+++ DATA SHOWN +++
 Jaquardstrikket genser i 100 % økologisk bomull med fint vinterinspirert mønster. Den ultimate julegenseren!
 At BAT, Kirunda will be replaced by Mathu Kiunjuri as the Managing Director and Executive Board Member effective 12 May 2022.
+++
+++ DATA SHOWN +++
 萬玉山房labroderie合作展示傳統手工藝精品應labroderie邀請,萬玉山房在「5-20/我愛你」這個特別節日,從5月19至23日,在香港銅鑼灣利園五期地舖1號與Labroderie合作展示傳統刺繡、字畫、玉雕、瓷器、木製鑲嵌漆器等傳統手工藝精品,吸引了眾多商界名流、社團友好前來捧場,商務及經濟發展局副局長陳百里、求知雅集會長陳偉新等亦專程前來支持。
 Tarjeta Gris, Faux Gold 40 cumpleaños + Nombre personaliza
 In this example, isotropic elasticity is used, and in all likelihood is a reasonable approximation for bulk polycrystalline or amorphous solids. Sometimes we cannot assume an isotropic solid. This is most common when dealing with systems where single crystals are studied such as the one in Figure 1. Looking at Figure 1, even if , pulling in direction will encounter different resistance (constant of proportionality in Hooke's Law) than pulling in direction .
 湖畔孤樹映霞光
+++
+++ DATA SHOWN +++
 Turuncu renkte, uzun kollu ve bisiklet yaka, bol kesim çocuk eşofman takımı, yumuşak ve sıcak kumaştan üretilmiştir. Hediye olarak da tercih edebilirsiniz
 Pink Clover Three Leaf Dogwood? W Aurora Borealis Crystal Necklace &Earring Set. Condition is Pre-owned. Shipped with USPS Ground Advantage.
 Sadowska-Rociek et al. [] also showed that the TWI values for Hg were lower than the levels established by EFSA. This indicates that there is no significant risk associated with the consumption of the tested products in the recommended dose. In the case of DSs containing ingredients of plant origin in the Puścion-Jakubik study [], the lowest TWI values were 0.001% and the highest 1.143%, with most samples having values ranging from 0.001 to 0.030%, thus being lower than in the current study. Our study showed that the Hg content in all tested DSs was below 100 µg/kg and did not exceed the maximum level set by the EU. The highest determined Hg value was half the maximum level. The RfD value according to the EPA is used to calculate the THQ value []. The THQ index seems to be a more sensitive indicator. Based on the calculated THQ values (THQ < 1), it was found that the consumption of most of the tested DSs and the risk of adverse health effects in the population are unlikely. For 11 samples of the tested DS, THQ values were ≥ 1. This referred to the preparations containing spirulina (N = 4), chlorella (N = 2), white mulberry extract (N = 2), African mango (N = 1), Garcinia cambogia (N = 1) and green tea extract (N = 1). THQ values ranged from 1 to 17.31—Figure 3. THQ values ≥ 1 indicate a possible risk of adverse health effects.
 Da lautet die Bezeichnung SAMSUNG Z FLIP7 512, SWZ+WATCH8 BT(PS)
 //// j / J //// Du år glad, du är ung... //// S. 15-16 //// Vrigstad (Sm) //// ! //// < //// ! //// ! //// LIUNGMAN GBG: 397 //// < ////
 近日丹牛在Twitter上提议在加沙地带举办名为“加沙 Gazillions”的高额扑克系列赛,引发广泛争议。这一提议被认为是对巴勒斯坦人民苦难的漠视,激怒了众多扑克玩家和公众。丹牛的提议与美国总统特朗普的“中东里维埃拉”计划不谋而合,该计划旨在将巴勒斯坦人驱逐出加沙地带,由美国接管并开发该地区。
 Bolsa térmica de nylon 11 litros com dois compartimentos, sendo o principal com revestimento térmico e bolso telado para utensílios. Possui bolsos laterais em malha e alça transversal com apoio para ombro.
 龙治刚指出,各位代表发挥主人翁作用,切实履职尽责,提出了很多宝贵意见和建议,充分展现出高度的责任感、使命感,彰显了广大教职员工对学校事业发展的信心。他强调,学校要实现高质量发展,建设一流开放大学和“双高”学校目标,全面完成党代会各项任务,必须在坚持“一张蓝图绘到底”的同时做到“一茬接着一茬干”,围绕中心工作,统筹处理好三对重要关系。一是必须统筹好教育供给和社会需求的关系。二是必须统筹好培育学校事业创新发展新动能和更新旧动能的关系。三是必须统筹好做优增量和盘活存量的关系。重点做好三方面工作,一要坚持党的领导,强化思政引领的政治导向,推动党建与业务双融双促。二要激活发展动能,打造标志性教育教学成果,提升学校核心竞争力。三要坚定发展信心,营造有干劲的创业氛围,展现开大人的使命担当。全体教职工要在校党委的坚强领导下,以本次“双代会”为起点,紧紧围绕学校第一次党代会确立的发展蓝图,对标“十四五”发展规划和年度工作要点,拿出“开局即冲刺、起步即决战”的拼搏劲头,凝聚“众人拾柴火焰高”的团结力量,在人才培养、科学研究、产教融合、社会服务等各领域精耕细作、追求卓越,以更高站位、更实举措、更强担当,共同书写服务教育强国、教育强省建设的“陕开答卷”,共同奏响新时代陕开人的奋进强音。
+++
For the listing above, identify each line bearing "will".

_TASK OUTPUT:_
 At BAT, Kirunda will be replaced by Mathu Kiunjuri as the Managing Director and Executive Board Member effective 12 May 2022.
 In this example, isotropic elasticity is used, and in all likelihood is a reasonable approximation for bulk polycrystalline or amorphous solids. Sometimes we cannot assume an isotropic solid. This is most common when dealing with systems where single crystals are studied such as the one in Figure 1. Looking at Figure 1, even if , pulling in direction will encounter different resistance (constant of proportionality in Hooke's Law) than pulling in direction .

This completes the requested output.